» **YOUR INSTRUCTIONS**: There is a line containing "薪ストーブやペレットストーブ" in the records below. Repeat it and every line after it, exactly, through the final line, but no pictures.

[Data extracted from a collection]
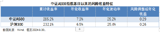 Wind显示,中证A500指数自基期2004.12.31以来,截至2024年8月底,年化收益率达到7.3%,同期沪深300指数年化收益为6.5%。在波动率方面,中证A500指数自基期以来的年化波动率为25.2%,低于同期沪深300的25.4%。综合收益与波动率,中证A500的风险调整后年化收益为0.29,而同期沪深300指数为0.26。因此,中证A500相较其它主要宽基指数,拥有较高的投资“性价比”。
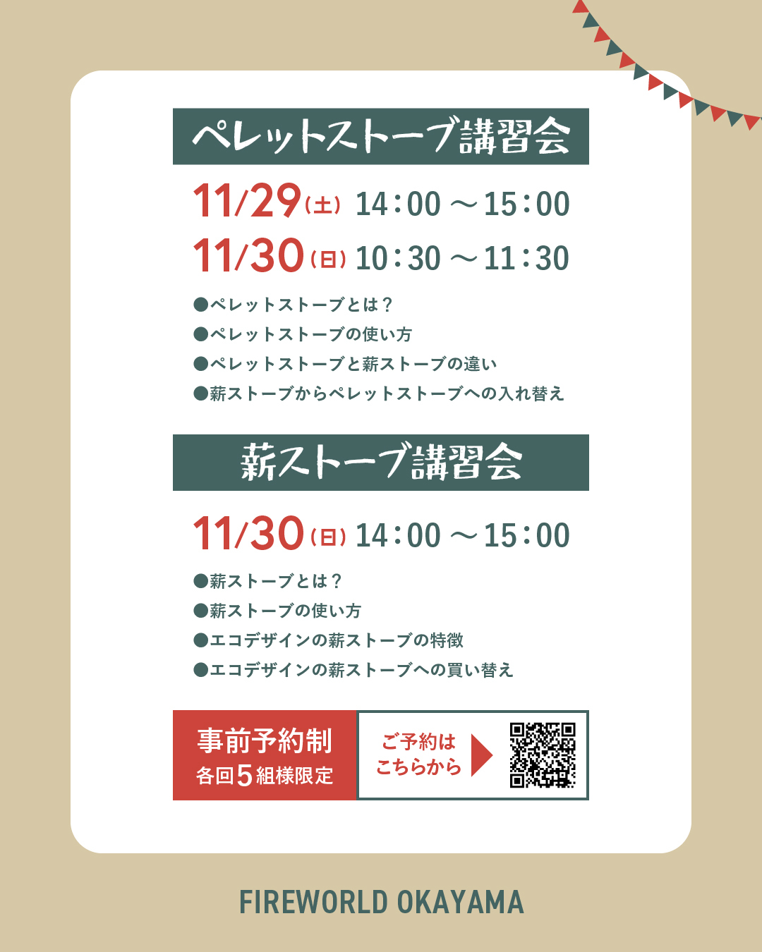 薪ストーブやペレットストーブに興味のある方、お気軽にご相談ください♪講習会は事前予約が必要です💡予約フォームかお電話よりお申し込みください😄
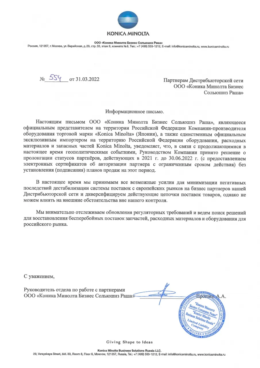 Компания Ofitrade имеет статус сертифицированного партнёра компании Konica Minolta! Мы предлагаем нашим клиентам решения этого производителя уже 4 года, поставляя официально сертифицированное, надёжное и проверенное оборудование Konica Minolta, защищённое гарантией. Наш статус позволяет Вам получать ещё больше выгоды при покупке устройств всего модельного ряда Konica Minolta в нашем магазине!
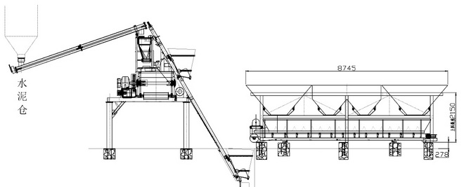 1200-8721-3配料机配750搅拌机摆放示意图
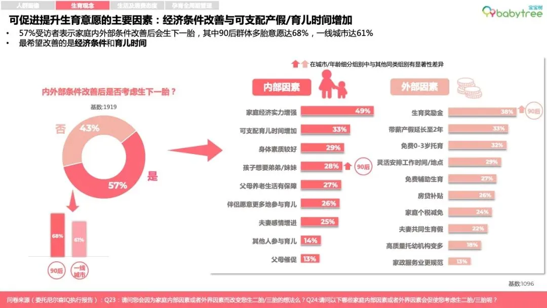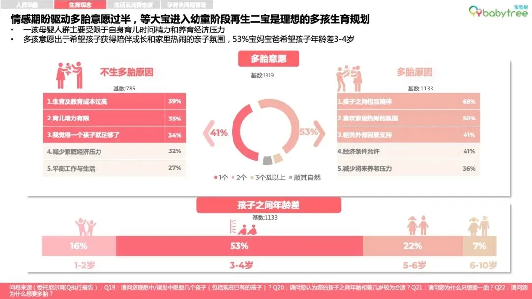 现有一孩家庭渴望改善经济条件、增加育儿时间。90后家庭生育多孩意愿较高,超过半数的宝妈宝爸认为孩子之间理想年龄差为3-4岁。

» **SOLUTION TO THIS EXERCISE**:
 薪ストーブやペレットストーブに興味のある方、お気軽にご相談ください♪講習会は事前予約が必要です💡予約フォームかお電話よりお申し込みください😄
 Компания Ofitrade имеет статус сертифицированного партнёра компании Konica Minolta! Мы предлагаем нашим клиентам решения этого производителя уже 4 года, поставляя официально сертифицированное, надёжное и проверенное оборудование Konica Minolta, защищённое гарантией. Наш статус позволяет Вам получать ещё больше выгоды при покупке устройств всего модельного ряда Konica Minolta в нашем магазине!
 1200-8721-3配料机配750搅拌机摆放示意图
 现有一孩家庭渴望改善经济条件、增加育儿时间。90后家庭生育多孩意愿较高,超过半数的宝妈宝爸认为孩子之间理想年龄差为3-4岁。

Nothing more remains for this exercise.